We also have compared our messages with those from the Oracle Solaris Studio 12.3 compiler [114]. The Studio compiler warns two different situations: parallelized loops with data dependences between different loop iterations, and problematic data-sharing attributes (e.g., declare as shared variables whose accesses in a parallel region might cause data race, and declare as private a variable whose value in a parallel region is used after the parallel region). The first situation is not useful for us to compare because it does not involve tasks, so we only analyze the second situation. Studio does not implement OpenMP 4.0 however, so the case study regarding dependence clauses (Section 4.3.5) cannot be compared.
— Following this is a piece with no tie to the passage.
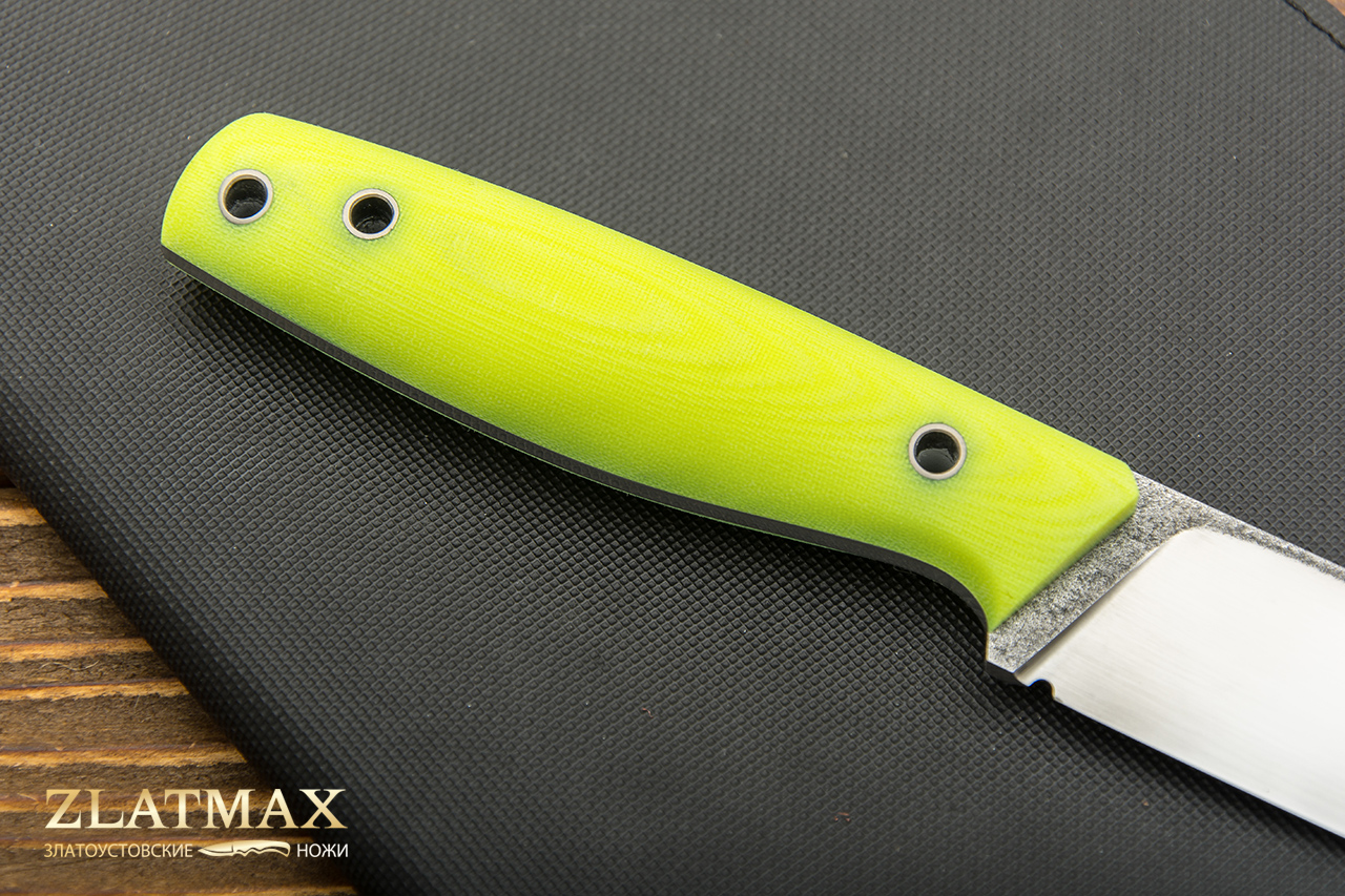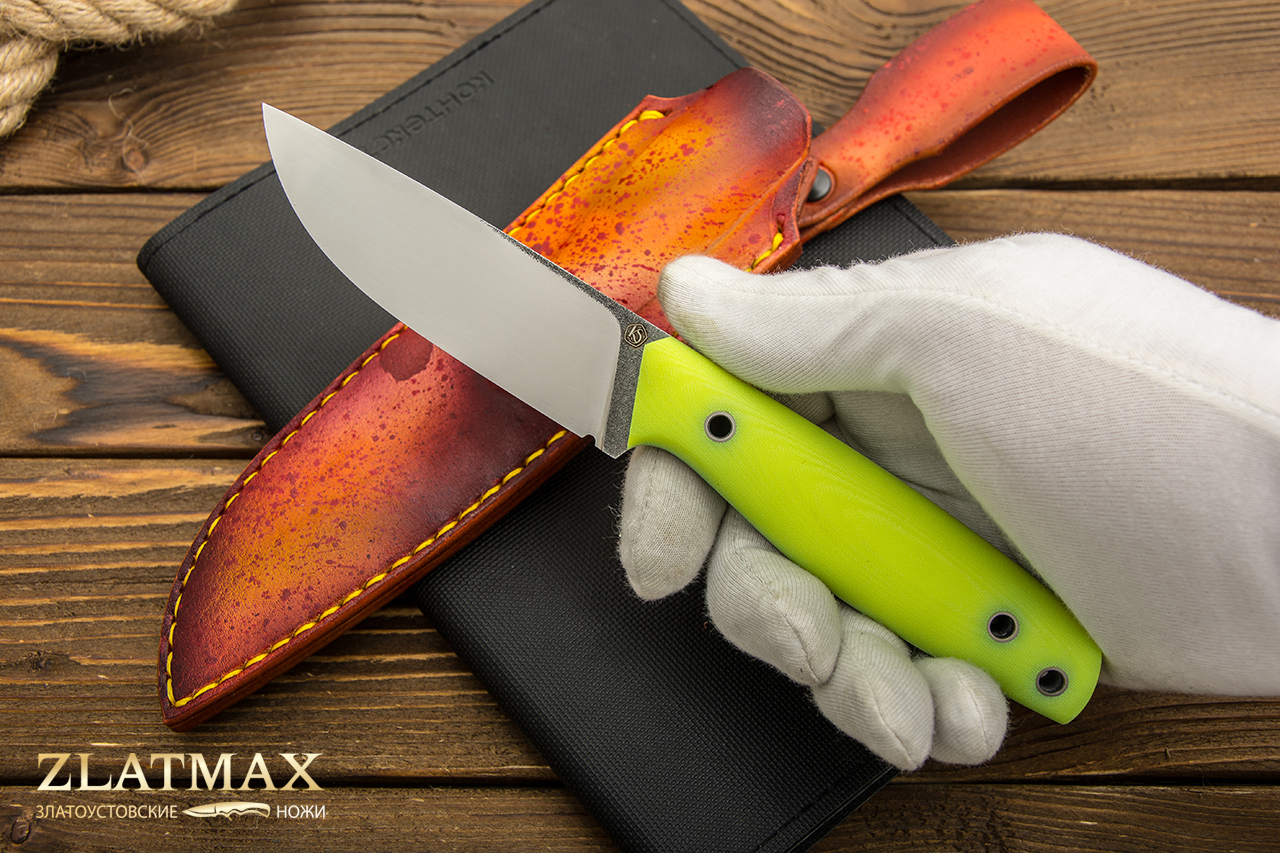 Нож с рукоятью из G10 прослужит вам долго, его будет удобно держать в руке, рукоять не будет скользить. Изделие выглядит дорого и представительно.

We use the code snippets shown in each of the case studies presented in Section 4.3. The results are shown in Table 4.1 and analyzed as follows:

Case 1. Mercurium advices to synchronize the task instead of privatizing the variable because it is an array. Studio advises to firstprivatize the variable instead. We have used GCC to test the performance of the two versions with this simple code snippet. After 5 executions, the average time used in the version using firstprivate is 6.656ms, and the time used in the taskwait version is 2.709ms, which results in losing 4ms for this simple example.

Case 2. Studio shows a wrong message, since x is a global variable, meaning that it is accessible from every scope (unless it has been shadowed). In the example, the variable is around at any moment the task is executed. Additionally, the compiler does not warn about the real problem, i.e., the race condition. If we wrap the task and the call to printf in a parallel construct, then Studio is able to recognize the race. It remains unclear to us why the lack of a parallel construct results in a wrong message. Studio compiler is proprietary software and the only documentation is the Oracle web site, so we cannot analyze their algorithm. Case 3. Oracle is not considering the possible loss of performance of firstprivatizing a variable

which value is never read. We already proved in case 1 that copying arrays may be unnecessarily expensive.